YOUR INSTRUCTIONS -
Every line from the first record below down to the line that includes "- Zwei Jet-Helme" must be reproduced exactly; the pictures are not.

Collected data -
*** Begin section ***
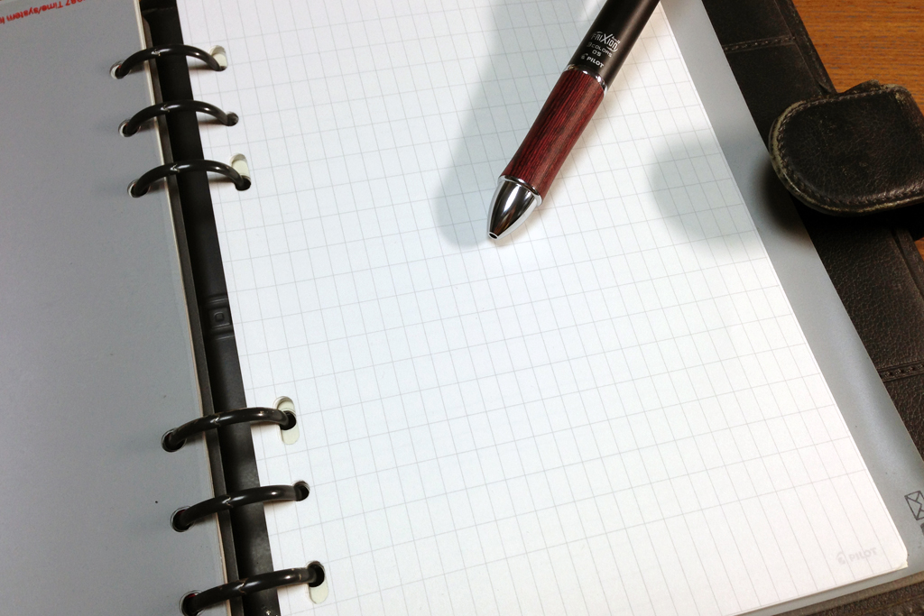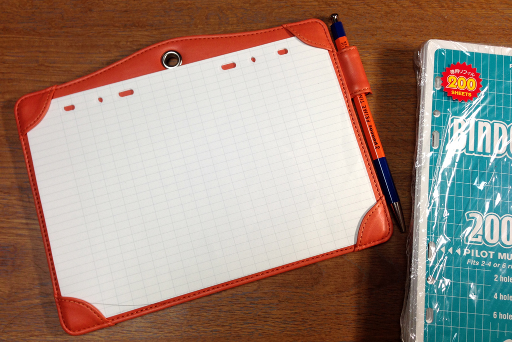 2穴、4穴、6穴に対応する優れもので(ただ、A5判の4穴バインダってまだ見たことないのですが……ヨーロッパでの規格でしょうか)、方眼も縦9ミリ×横5ミリという変則罫も気に入っていたのです。
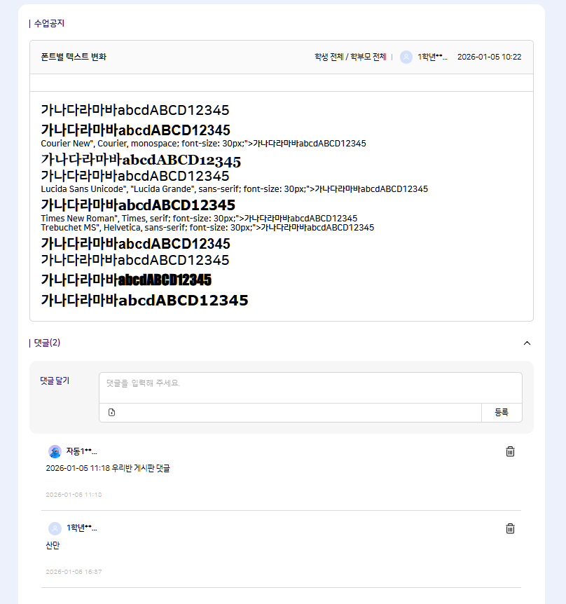 | Description | [마스킹][교사] 나의 학교 > 우리반 게시판 - 게시글 작성자, 댓글 | ||||
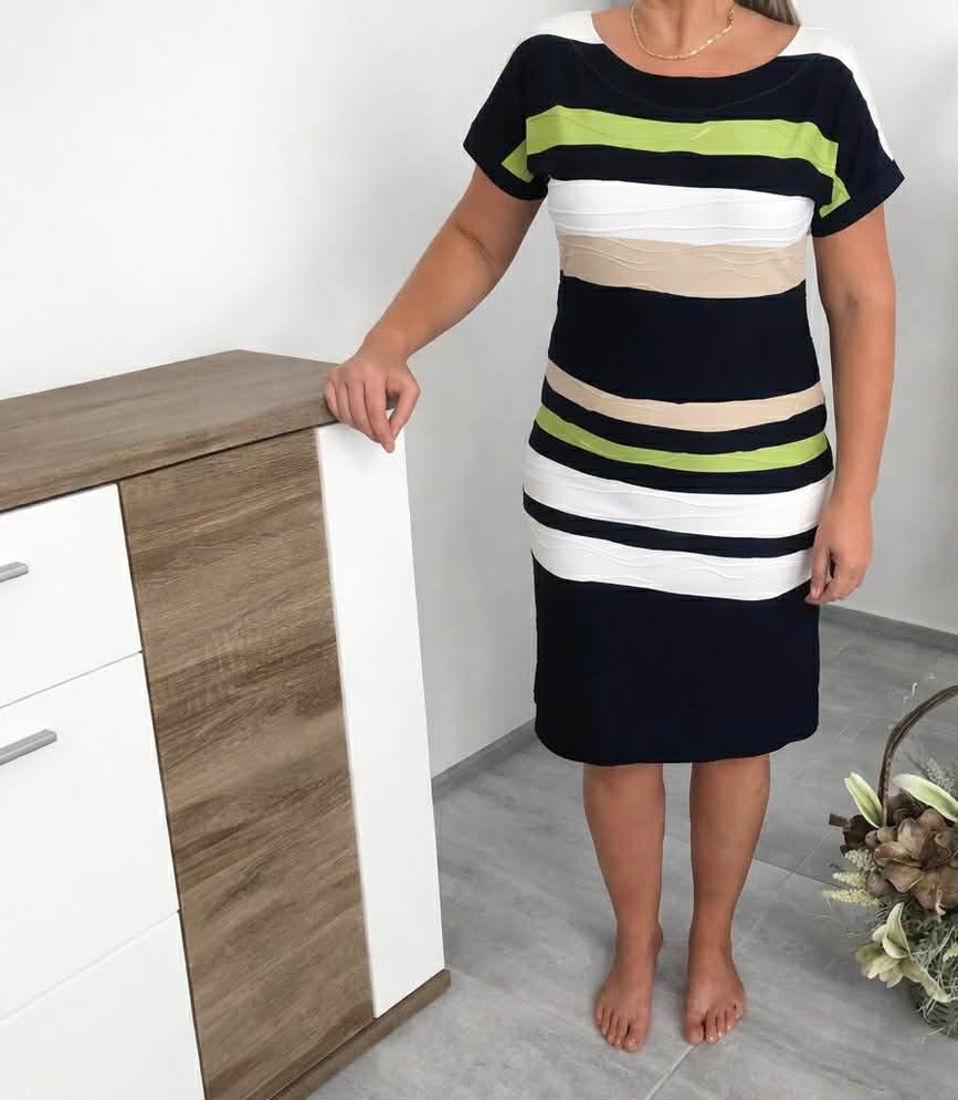 Jednoduché spoločenské šaty z elegantnej látky jemného vzoru / viď detail na foto /.
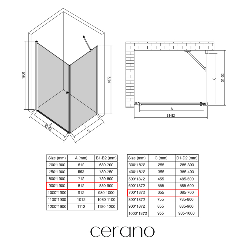 V rámci této série nabízíme širokou škálu rozměrů, abychom uspokojili různé potřeby našich zákazníků. Všechny sprchové kouty, dveře a zástěny značky CERANO jsou plně kompatibilní se sprchovými vaničkami CERANO ve stejných rozměrech, což zajišťuje bezproblémovou instalaci a dokonalé sladění.
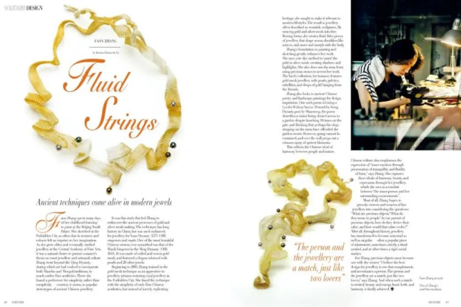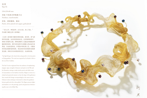《衍異》系列作品有很多簡(jiǎn)約的線條,跟珍珠的結(jié)合也非常巧妙,很多外國(guó)朋友也特別喜歡。瑞士前任大使夫人在參加“一帶一路”倡議相關(guān)活動(dòng)時(shí),特別佩戴了這樣的珍珠項(xiàng)飾,她認(rèn)為這款項(xiàng)飾既具有中國(guó)風(fēng)格,又具有很好的現(xiàn)代性、世界性。
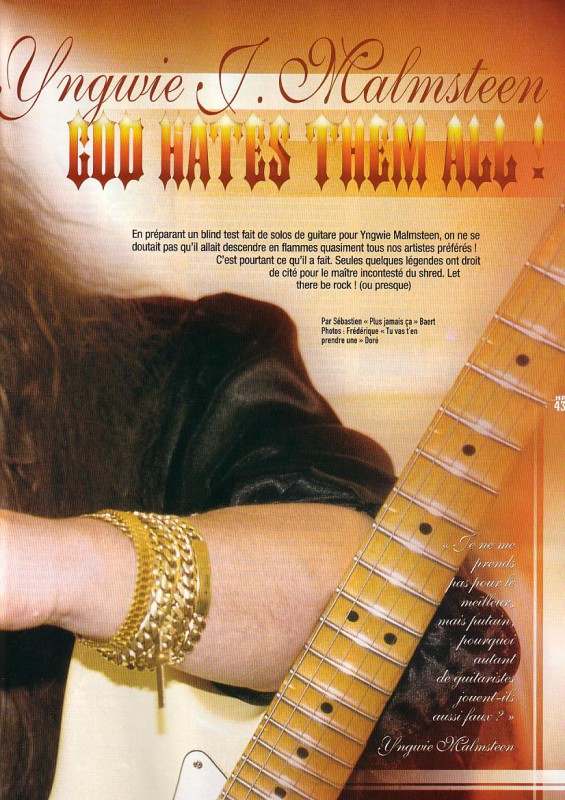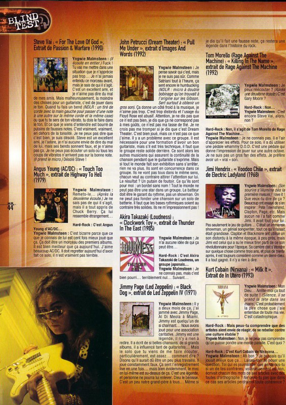 Pour rejoindre Coyote je crois, Malmsteen est un très bon instrumentiste de néoclassique, pas sur qu'il puisse jouer autre chose sincèrement, et basta. Pour moi c'est pas un grand musicien. Cobain c'est l'inverse, mauvais instrumentiste, mais grand musicien. Il a inventé un truc, ou n'aime ou pas, et a exploré des sonorités.
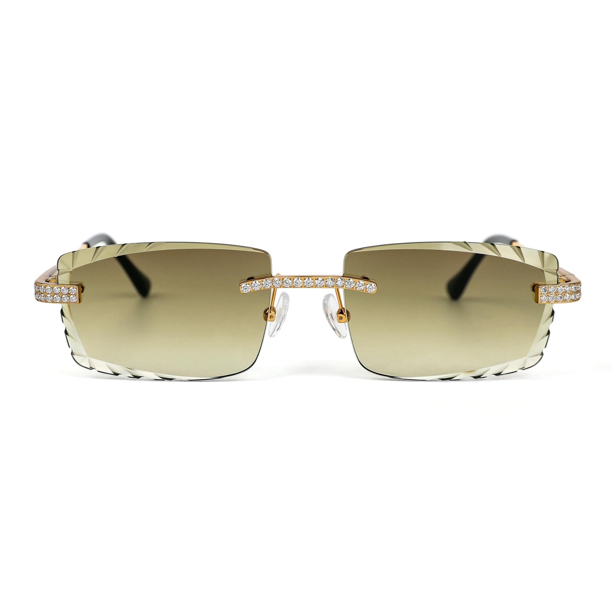 Sterling Silver Round Moissanite Cartier Square Shape Gradient Brown Lens Wooden Glasses GP 2-1/3 Cttw
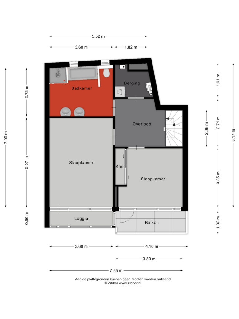 De trapopgang leidt naar de overloop op de eerste verdieping, die toegang biedt tot twee slaapkamers, de badkamer en de technische ruimte.
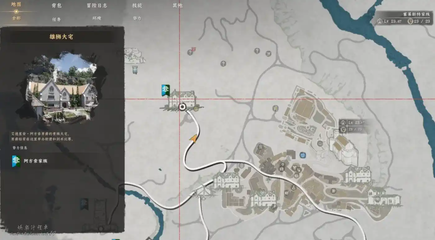 推進主線,解鎖雄獅大宅區域(埃爾南德城西北方向)。
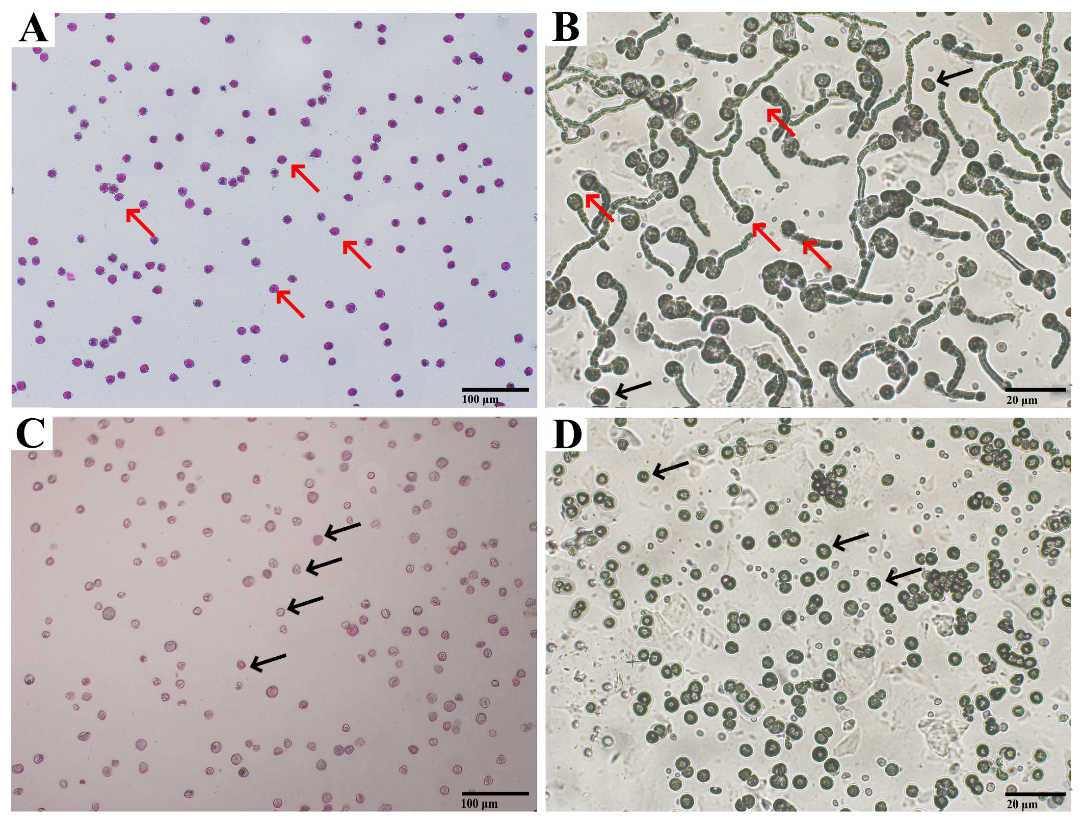 Figure 1. Example of staining (A,C) and germination method (B,D) of pollen viability determination. Note: (A,B). 5-313; (C,D). 2-120; the black arrow represents non-viable pollen, and the red arrow represents viable pollen.
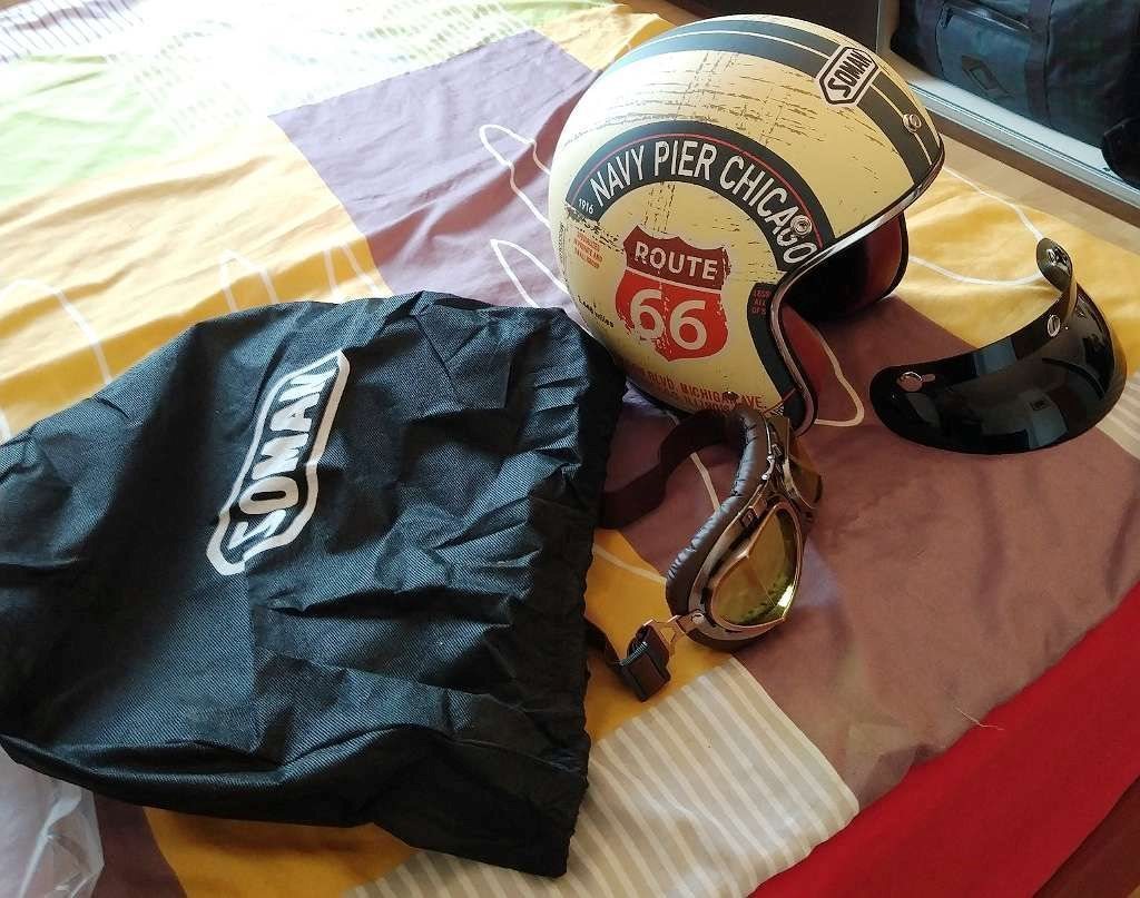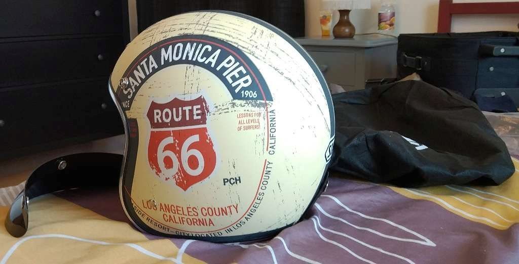 - Zwei Jet-Helme wie abgebildet, Größe S, einer davon (Route 66) praktisch neu wie im Laden, nie getragen.
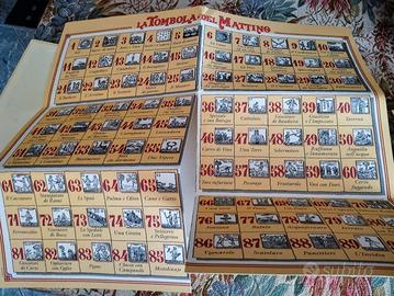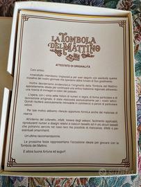 Gioco risalente al 1989, completo, mai utilizzato. Scatola di cartone contenente tabellone, 62 grandi tabelle sul cui retro sono raffigurati antichi mestieri, numeri di legno ed alcuni numeri di riserva nonché adesivi da applicare sulle tesserine dei numeri, lettera/garanzia
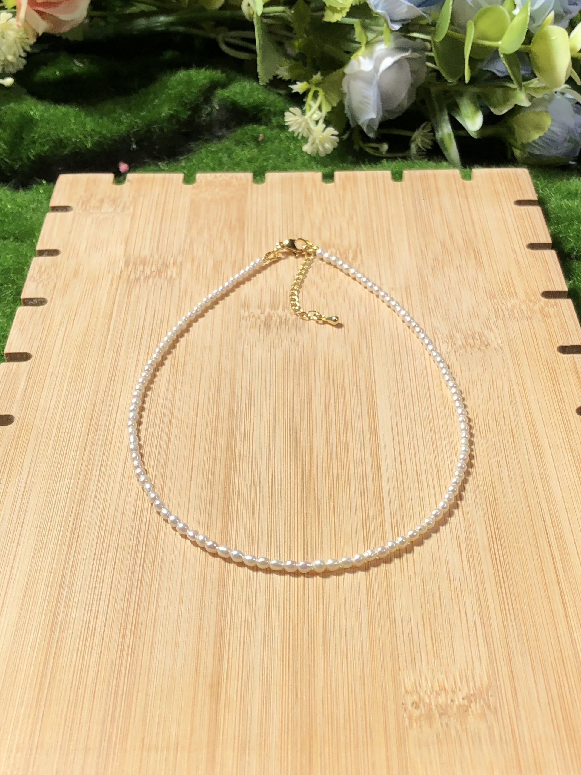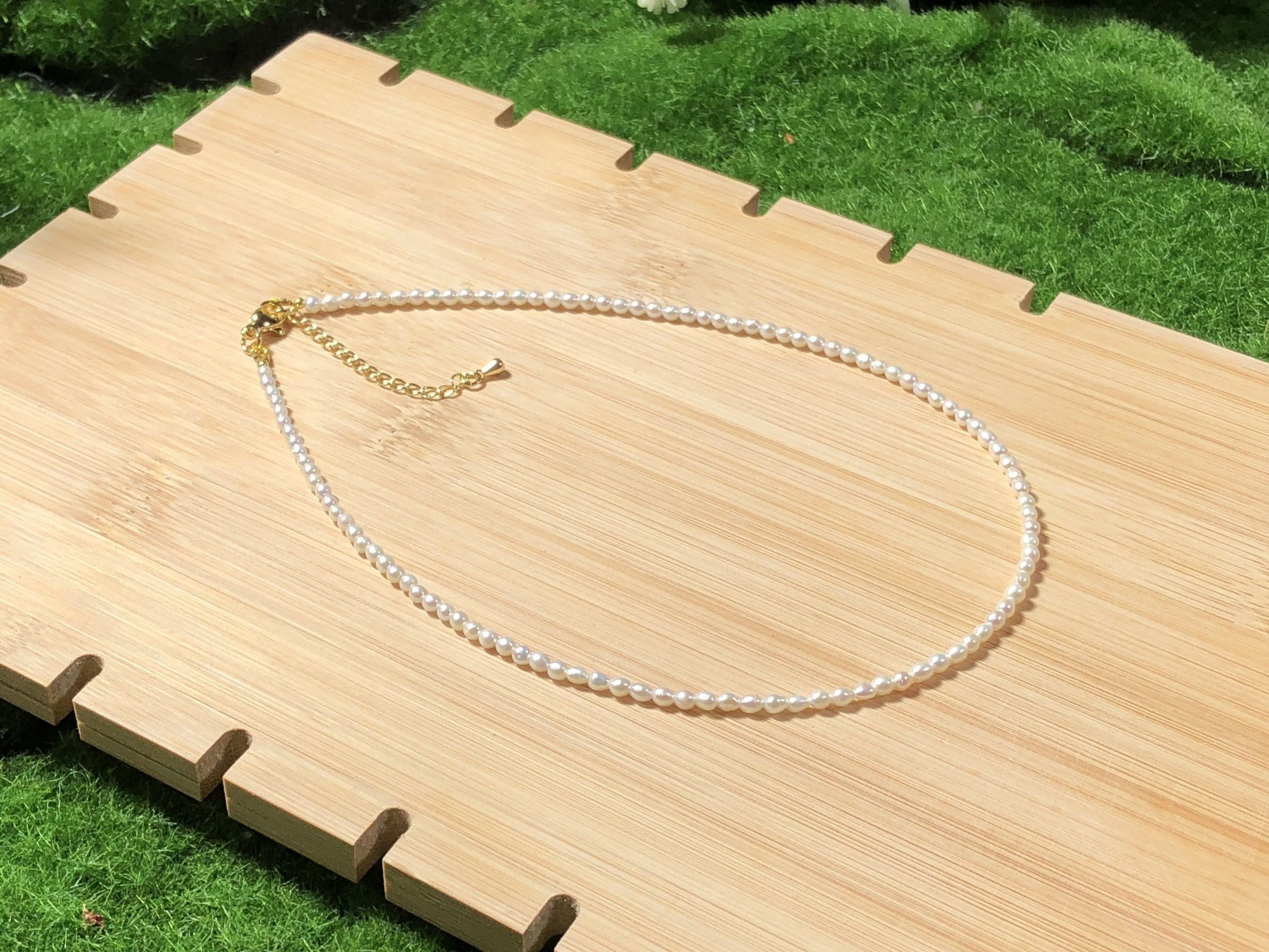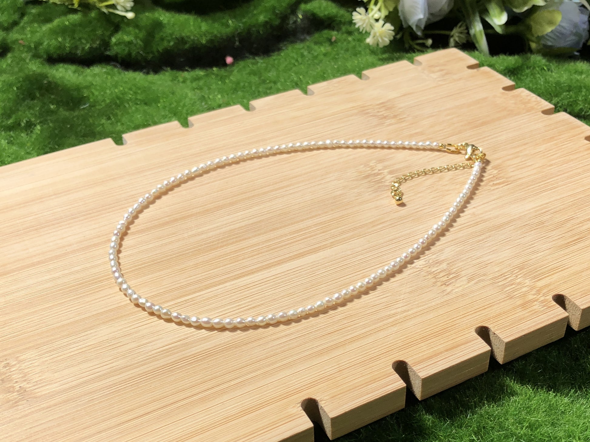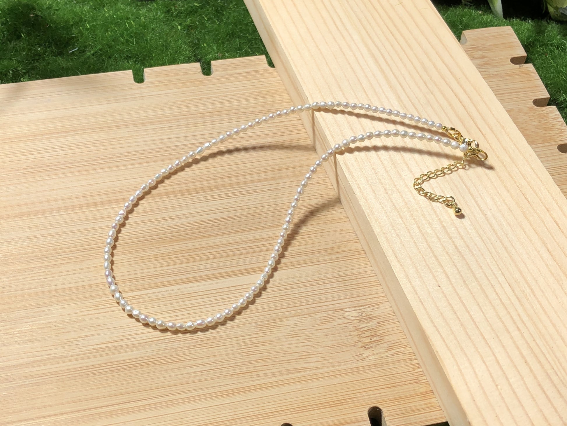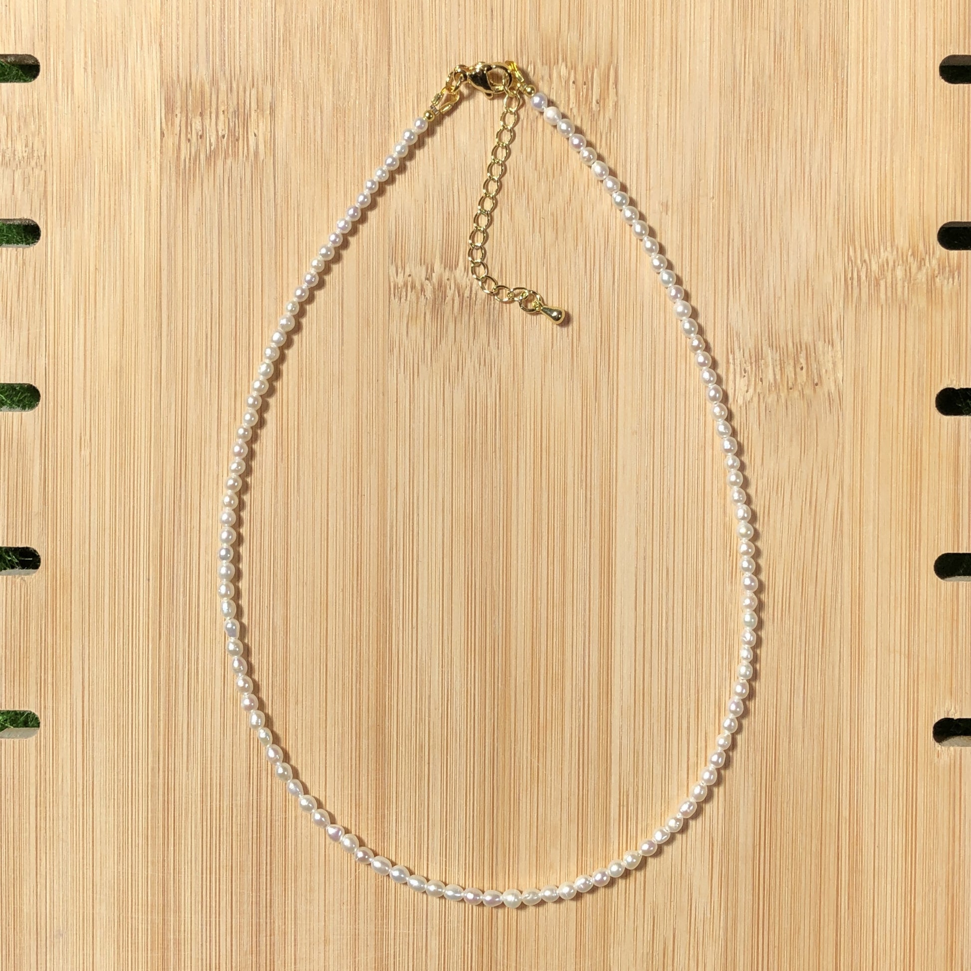 Halskette aus natürlichen Süßwasserperlen, kupferplattiert mit 14-karätigem Gold, handgefertigt.
*** End section ***
TASK RESPONSE -
 2穴、4穴、6穴に対応する優れもので(ただ、A5判の4穴バインダってまだ見たことないのですが……ヨーロッパでの規格でしょうか)、方眼も縦9ミリ×横5ミリという変則罫も気に入っていたのです。
 | Description | [마스킹][교사] 나의 학교 > 우리반 게시판 - 게시글 작성자, 댓글 | ||||
 Jednoduché spoločenské šaty z elegantnej látky jemného vzoru / viď detail na foto /.
 V rámci této série nabízíme širokou škálu rozměrů, abychom uspokojili různé potřeby našich zákazníků. Všechny sprchové kouty, dveře a zástěny značky CERANO jsou plně kompatibilní se sprchovými vaničkami CERANO ve stejných rozměrech, což zajišťuje bezproblémovou instalaci a dokonalé sladění.
《衍異》系列作品有很多簡(jiǎn)約的線條,跟珍珠的結(jié)合也非常巧妙,很多外國(guó)朋友也特別喜歡。瑞士前任大使夫人在參加“一帶一路”倡議相關(guān)活動(dòng)時(shí),特別佩戴了這樣的珍珠項(xiàng)飾,她認(rèn)為這款項(xiàng)飾既具有中國(guó)風(fēng)格,又具有很好的現(xiàn)代性、世界性。
 Pour rejoindre Coyote je crois, Malmsteen est un très bon instrumentiste de néoclassique, pas sur qu'il puisse jouer autre chose sincèrement, et basta. Pour moi c'est pas un grand musicien. Cobain c'est l'inverse, mauvais instrumentiste, mais grand musicien. Il a inventé un truc, ou n'aime ou pas, et a exploré des sonorités.
 Sterling Silver Round Moissanite Cartier Square Shape Gradient Brown Lens Wooden Glasses GP 2-1/3 Cttw
 De trapopgang leidt naar de overloop op de eerste verdieping, die toegang biedt tot twee slaapkamers, de badkamer en de technische ruimte.
 推進主線,解鎖雄獅大宅區域(埃爾南德城西北方向)。
 Figure 1. Example of staining (A,C) and germination method (B,D) of pollen viability determination. Note: (A,B). 5-313; (C,D). 2-120; the black arrow represents non-viable pollen, and the red arrow represents viable pollen.
 - Zwei Jet-Helme wie abgebildet, Größe S, einer davon (Route 66) praktisch neu wie im Laden, nie getragen.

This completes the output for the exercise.